I have encountered the following situation twice now, and would like to share what I know.
On a website, I'm using redis for sessions, and it froze out of nowhere, twice now. The first time it happened 5 month ago, the second time now. There is literally nothing special happening on the server, just a webserver serving a single website.
Then, out of nowhere redis freezes. What I can see when it froze:
1. The website (using "redis" package in Python 2.7) is down, with "ConnectionError: Error 32 while writing to socket. Broken pipe." or "Error 61 connecting to localhost:6379. Connection refused." or "Error while reading from socket: (54, 'Connection reset by peer')"

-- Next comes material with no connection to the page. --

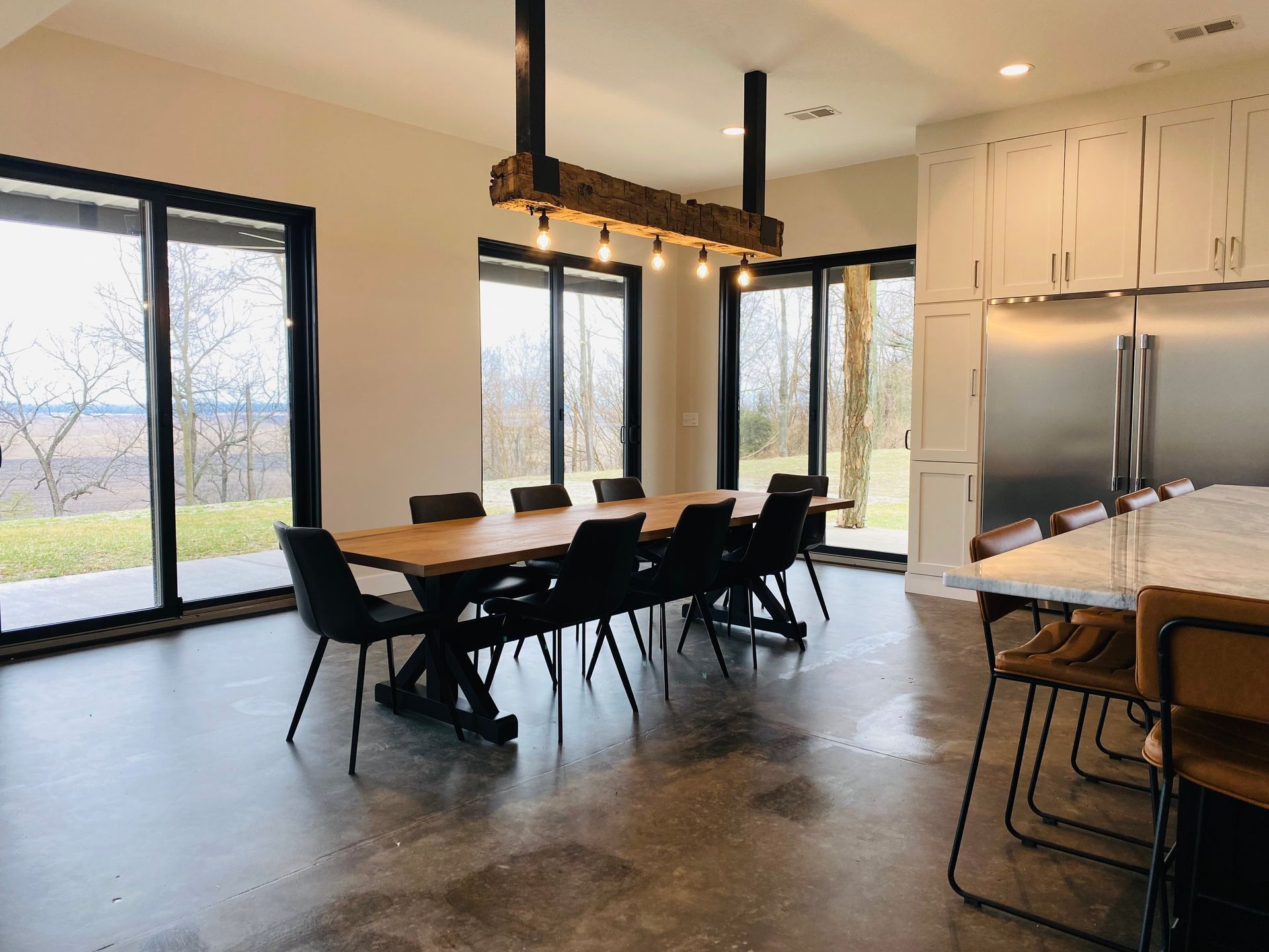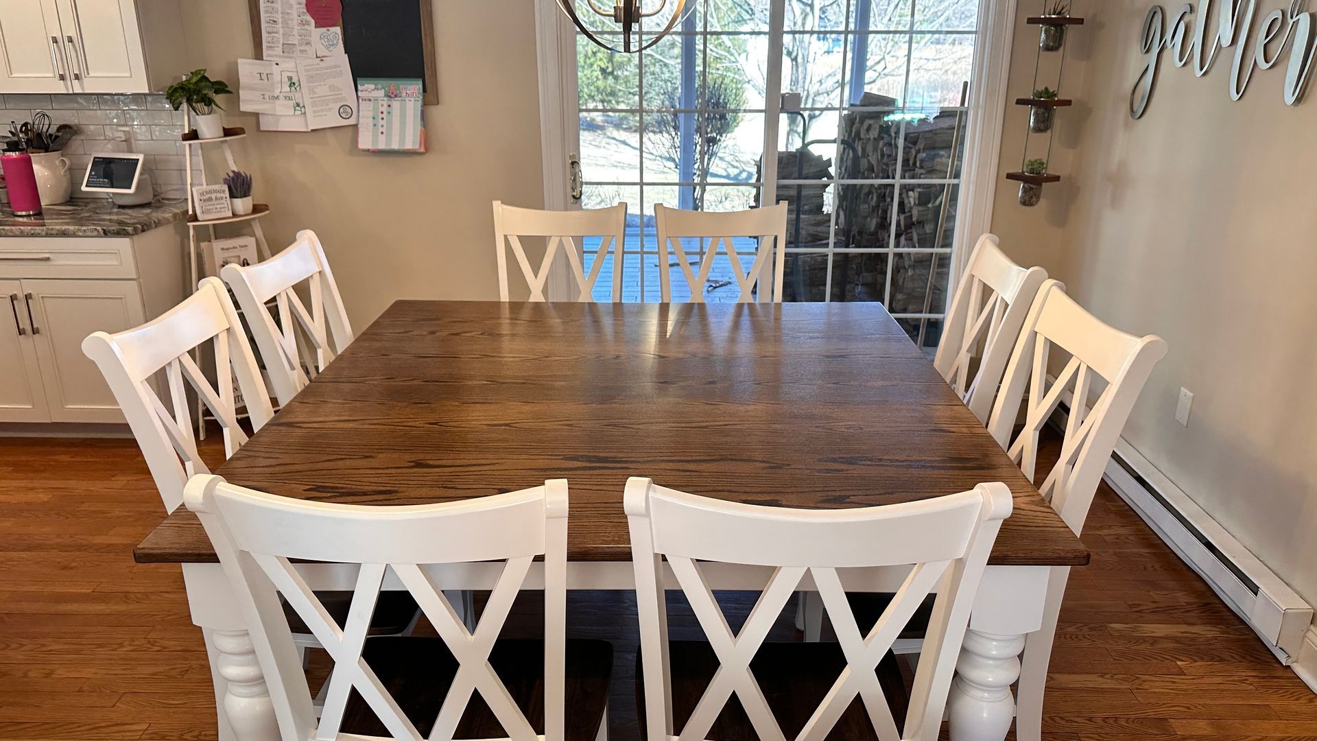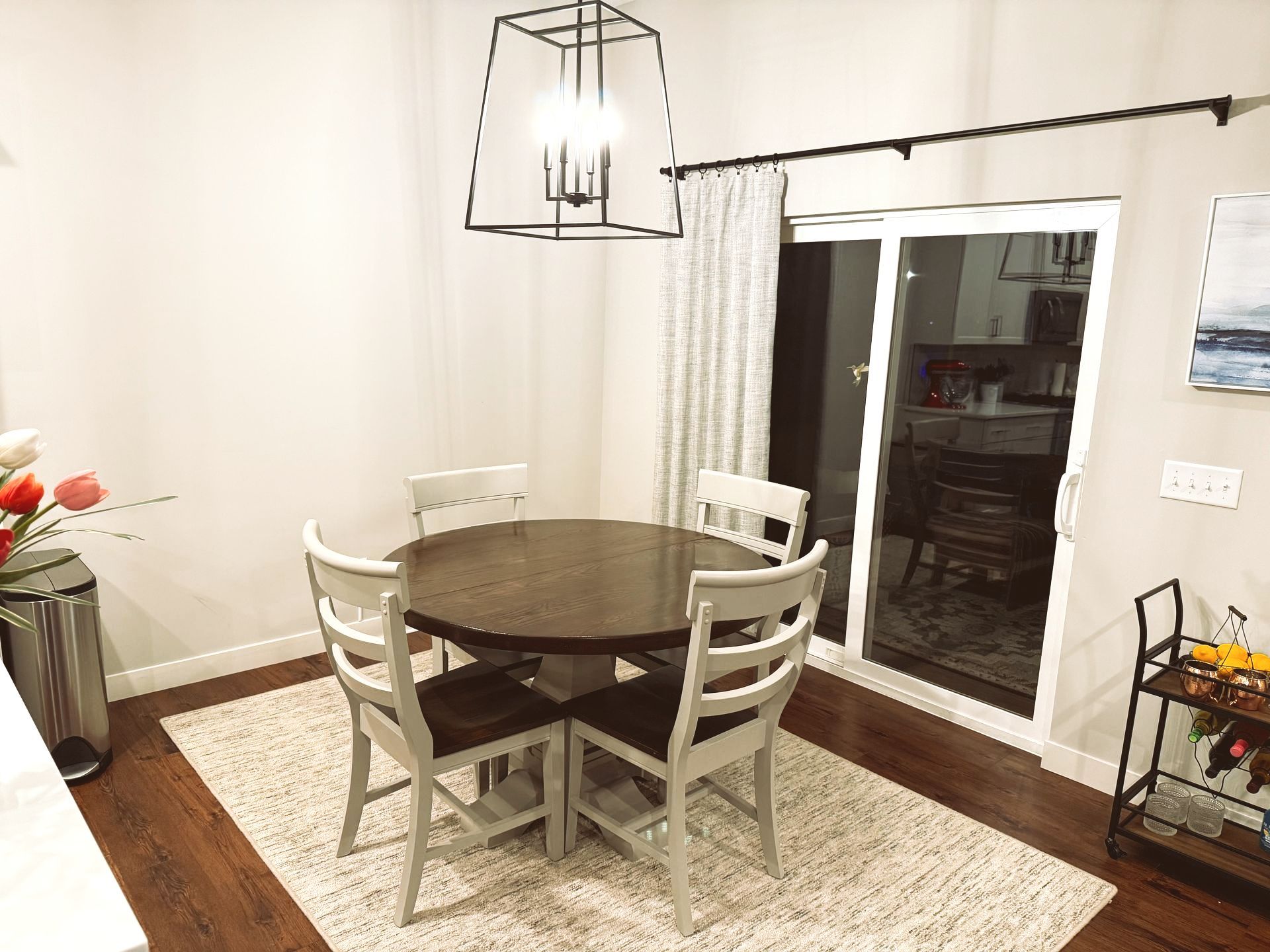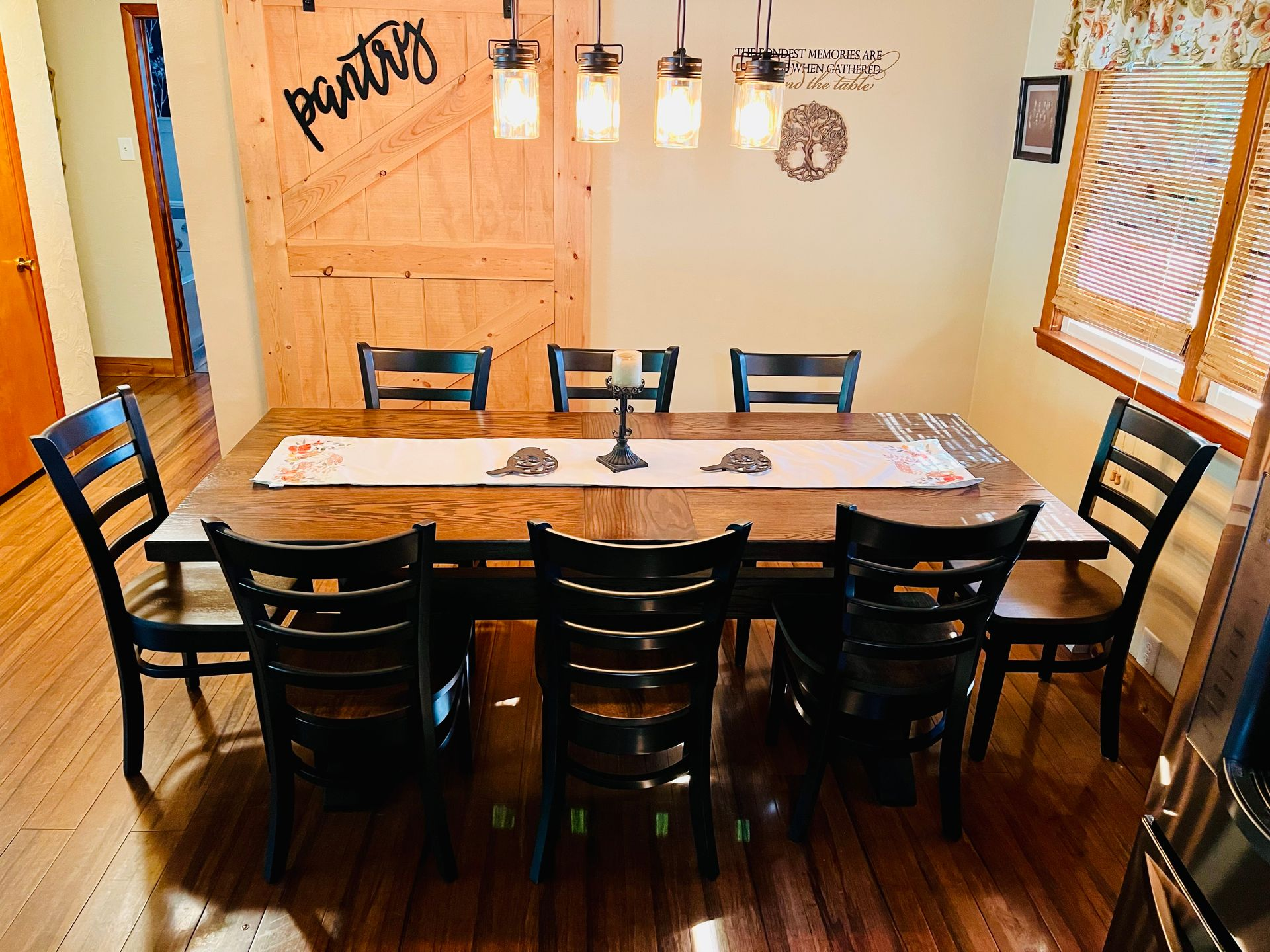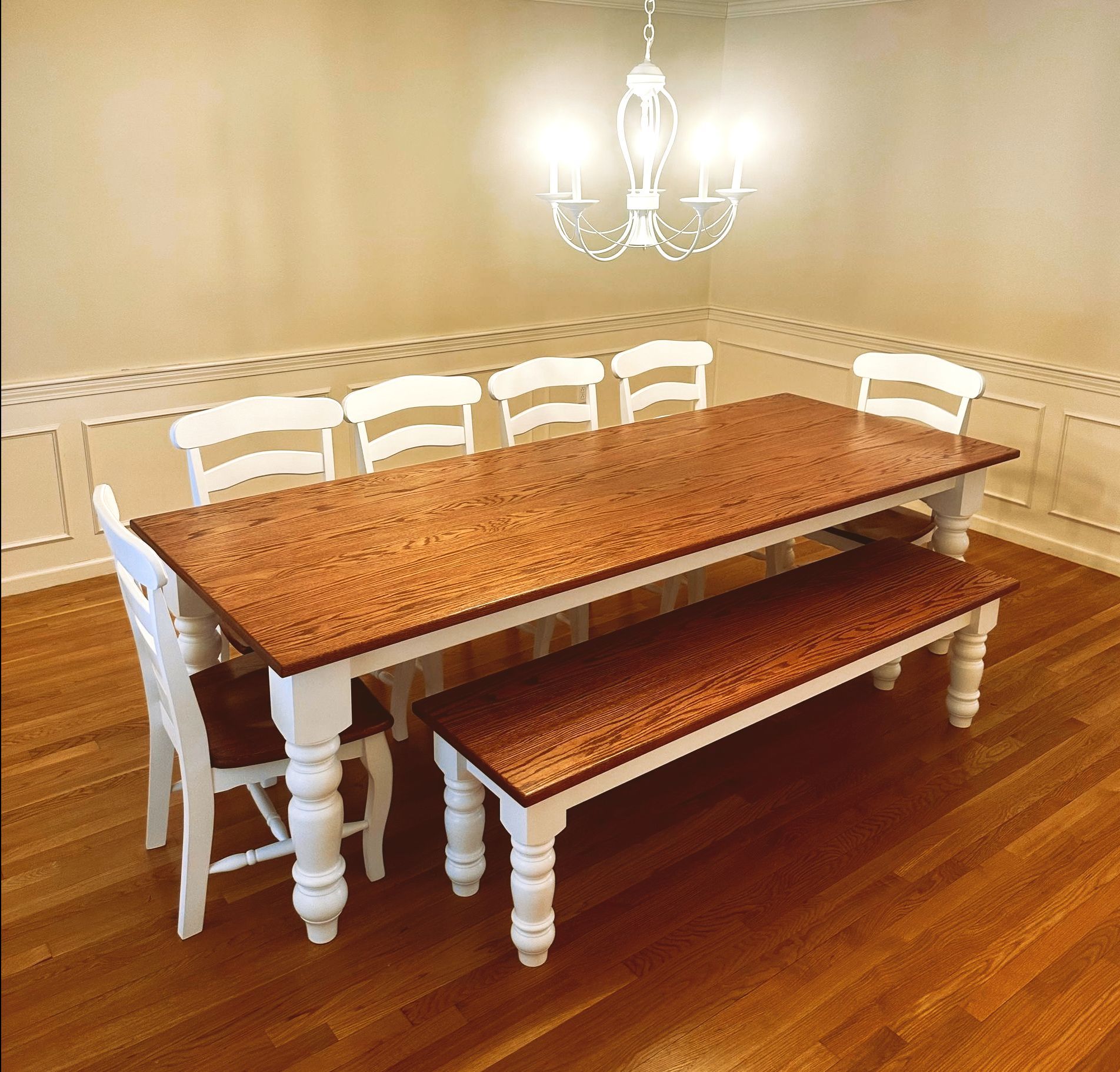 Table pictured is a walnut and black resin table. Options with these tables are endless.

2. When I log in via ssh, "service redis restart" hangs.
3. When I try to kill or kill -9 the redis process, it hangs.
4. Given no other options, I have to run "reboot" which reboots the full server, which works.
In redis logs, there is nothing special, except the disappearance of the backup process.
65673:M 25 Aug 16:11:37.085 * 10 changes in 300 seconds. Saving...
65673:M 25 Aug 16:11:37.086 * Background saving started by pid 19403
19403:C 25 Aug 16:11:37.100 * DB saved on disk
65673:M 25 Aug 16:11:37.189 * Background saving terminated with success
65673:M 25 Aug 16:16:38.095 * 10 changes in 300 seconds. Saving...
65673:M 25 Aug 16:16:38.095 * Background saving started by pid 19418
19418:C 25 Aug 16:16:38.116 * DB saved on disk
65673:M 25 Aug 16:16:38.202 * Background saving terminated with success
65673:signal-handler (1472153405) Received SIGTERM scheduling shutdown...
65673:signal-handler (1472153623) Received SIGTERM scheduling shutdown...
Somehow the "signal-handler" / logging part is still functioning, as it can write those lines to the log.
After about hour after the last backup line, there is are entries in debug.log saying:
Aug 25 17:15:43 maphub-web kernel: sonewconn: pcb 0xfffff80062dd9000: Listen queue overflow: 193 already in queue awaiting acceptance (1 occurrences)
The OS is FreeBSD 10.2-RELEASE-p9
Redis is: Redis server v=3.0.7 sha=00000000:0 malloc=libc bits=64 build=b9586831a13c9f53
The redis build is the stock one supplied by FreeBSD pkg.
The environment is KVM on a Xeon / ECC hardware, which should be really reliable.
This bug only happened once, 5 month ago, so it is really really uncommon. On the other hand it is quite critical, as it brings down the whole website with itself.